【目的】臨床においてプロポフォールを適正に使用するためには、肝臓及び肝外組織に発現しているUGT1A9のプロポフォールに対する代謝能の基礎研究に基づく詳細な解析が必要不可欠である。そこで本研究では、ヒトの肝臓ミクロゾーム(HLM)、小腸ミクロゾーム(HIM)及び腎臓ミクロゾーム(HKM)を用いてプロポフォールグルクロン酸抱合反応におけるUGT1A9の役割を明らかにするためにin vitro解析を行った。

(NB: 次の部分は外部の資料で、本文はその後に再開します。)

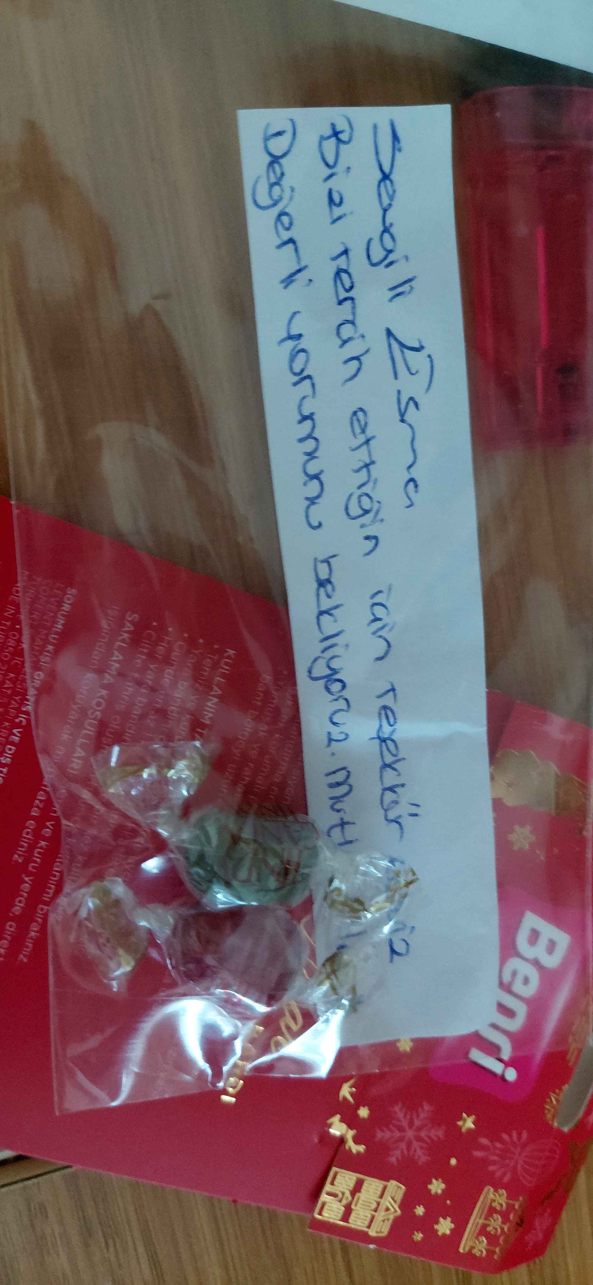 - S** k**Onaylı 😍16 Eyl 2025Satıcı: quatex2 şapka ve 2 tane bere sipariş verdim ürünler sorunsuz ve hızlı şekilde geldi ama en güzeli el yazısı teşekkür notu ve küçük ikramlardı diğer ürünlerine de bakıp tekrar tekrar sipariş vereceğim sayfaların arasına girdi 👍👍👍

【方法】HLM、HIM及びHKMにおけるUGT1A9酵素タンパク質の発現は抗ヒトUGT1A9抗体を用いたイムノブロッティングにより解析した。プロポフォールグルクロン酸抱合活性は、プロポフォール(5–1000 μM)をミクロゾーム画分(HLM及びHIM,20 μg protein;HKM,5 μg protein)と37ºCで10分間(HLM及びHKM)あるいは40分間(HIM)反応し、生成したプロポフォールグルクロニドをHPLCによりそれぞれ定量することにより測定した。
【結果・考察】ミクロゾーム画分におけるUGT1A9酵素タンパク質の発現量は、HKM>HLM≫HIMであった。プロポフォールグルクロン酸抱合反応の速度論的挙動は、HLM及びHKMでは基質阻害を示したのに対し、HIMではMichaelis-Menten式に従った。また、速度論的パラメーター値もミクロゾーム間で大きく異なり(Km,HIM≫HLM(41.8 µM)≒HKM;Vmax,HKM>HLM(5.21 nmol/min/mg protein)≫HIM;CLint,HKM≫HLM(126 µL/min/mg protein)≫HIM)、Vmax値とミクロゾーム画分のUGT1A9酵素タンパク質の発現量は概ね相関するものであった。これらの結果より、プロポフォールのグルクロン酸抱合反応には肝臓と同様に腎臓に発現しているUGT1A9も重要な役割を担っていることが示唆された。